如何在不使用 sleep(1.second) 方法的情况下编写规范?当我删除睡眠时,我的测试会因为返回相同的时间戳而中断?
我有以下类方法:
def skip
qs = find_or_create_by(user_id: user_id)
qs.set_updated_at
qs.n_skip += 1
qs.save!
end
和以下规格:
qs = skip(user.id)
sleep(1.second)
qs2 = skip(user.id)
qs.should_not be_nil
qs2.should_not be_nil
(qs.updated_at < qs2.updated_at).should be_true
我过去曾使用Timecop gem 进行基于时间的测试。
require 'timecop'
require 'test/unit'
class MyTestCase < Test::Unit::TestCase
def test_mortgage_due_in_30_days
john = User.find(1)
john.sign_mortgage!
assert !john.mortgage_payment_due?
Timecop.travel(Time.now + 30.days) do
assert john.mortgage_payment_due?
end
end
end
因此,您的示例可能如下所示:
qs = skip(user.id)
Timecop.travel(Time.now + 1.minute) do
qs2 = skip(user.id)
end
qs.should_not be_nil
qs2.should_not be_nil
(qs.updated_at < qs2.updated_at).should be_true
这也适用于 rspec 测试。
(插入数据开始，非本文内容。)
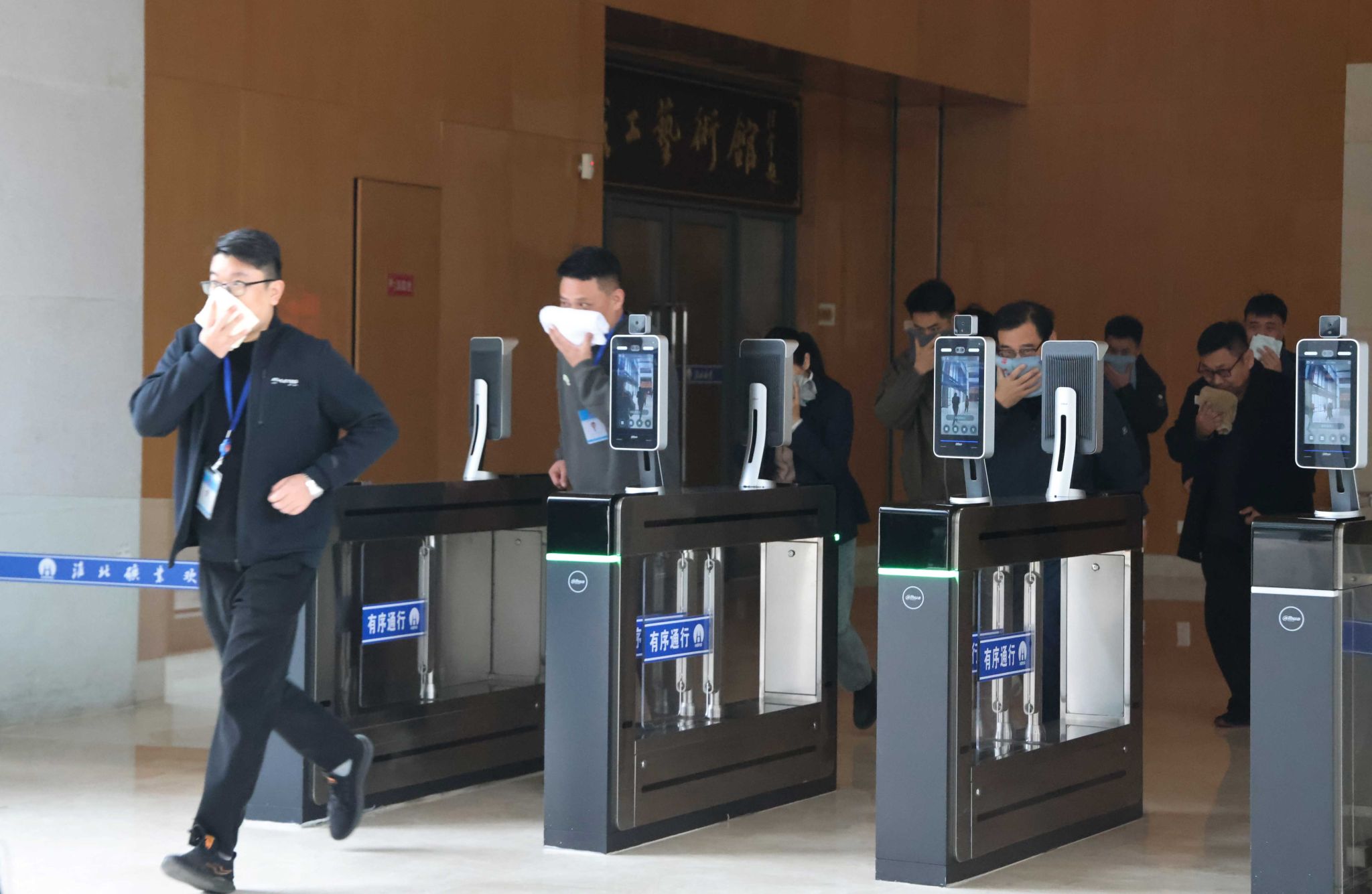 上午8時52分,演習正式開始。模擬火情設定在西塔10層,集控中心發現警報后,迅速啟動火災應急處置預案,同步上報值班領導、調派滅火組前往撲救,并模擬撥打119報警。隨即,樓內應急廣播系統啟動,播報火情信息,并下達全體人員通過步梯緊急疏散撤離的指令。

在您的 Gemfile 中:
require 'timecop', group: :test
然后,例如,您可以使用 rspec 测试一个命名作用域,该作用域以 updated_at 降序获取模型调用查询:
require 'timecop'
require 'spec_helper'
describe Query do
# test the named scopes for ordering and searching
describe 'when a query is searched or sorted' do
before :each do
@query1 = create(:query)
Timecop.travel(Time.now + 1.minute) do
@query2 = create(:query)
end
Timecop.travel(Time.now + 2.minute) do
@query3 = create(:query)
end
end
it 'should be listed in descending updated_at order' do
@queries = Query.order_by_latest
@queries.first.should == @query3
@queries.last.should == @query1
end
end
end